Because Time to X can be vague and the name is non-descriptive, our product manager decides to use Toucan’s glossary feature to provide an example of the KPI. Jessica is confident that the sales team will understand Time to X and how it is defined internally.
How Should You choose And Display Your Product Manager KPIs?
Our product manager’s data workflows can only increase adoption throughout her organization. The sales, marketing, and customer success teams appreciate the concise format of meetings, and our product manager easily monitors and defines all of her KPIs. These changes, although they seem small, make all the difference.
Although these KPIs are some of the most important to monitor, you will choose the KPIs that most closely align with your most pressing goals, product positioning, and customer needs. However, the way you display these KPIs matters, and an ineffective product manager dashboard almost always results in poor performance and low adoption.
Using an analytics solution like Toucan to build your product manager dashboard can simplify your product management KPIs through fast app deployment and easy visualization building.

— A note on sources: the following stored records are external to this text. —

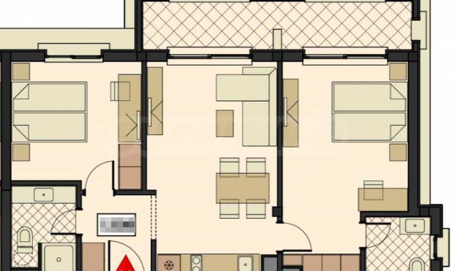 Die Dreizimmerwohnung liegt im 3. OG und verfügt über eine Fläche von 93,22 qm. und funktionale Aufteilung der Räumlichkeiten: Eingangshalle, 2 Badezimmer mit WC, 2 Schlafzimmer, Wohnzimmer mit Küche und eine geräumige Terrasse mit herrlichem Blick auf das Meer und die Dünen.
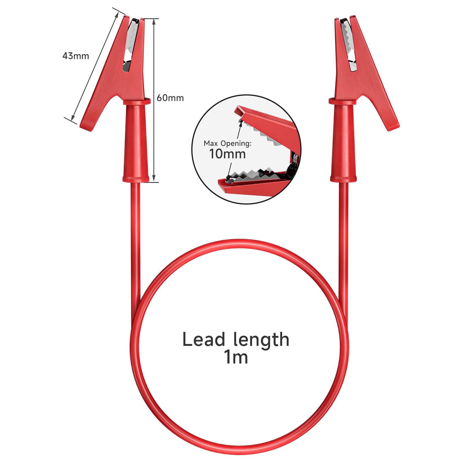 Both ends of the test leads are pure copper full insulated alligator clips. The maximum width of the crocodile clips opening is 10mm. Lead length: 3.3ft. Voltage: 1000V. Current: 15A.
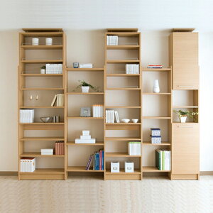 木目調のオープンシェルフです。 複数の専用アイテムを組み合わせることで、オリジナルのオープンラックを作り上げます。 本棚や、衣類収納、壁面収納、リビング収納や仕切りとしてのパーテーションなど様々な使い方が

With a focus on insights for the non-technical user, Toucan ensures that your KPIs tell an easily understandable story of your product lifecycle, including features like annotations, glossary pages, and automated color coding.
Product managers can also use Toucan’s applications to display KPIs on any display. Whether you’re in a meeting room, traveling to an event, or on vacation, you can always track your product’s success. With Toucan, Jessica goes on her data journey confident in her solution and its ability to clearly display her product metrics.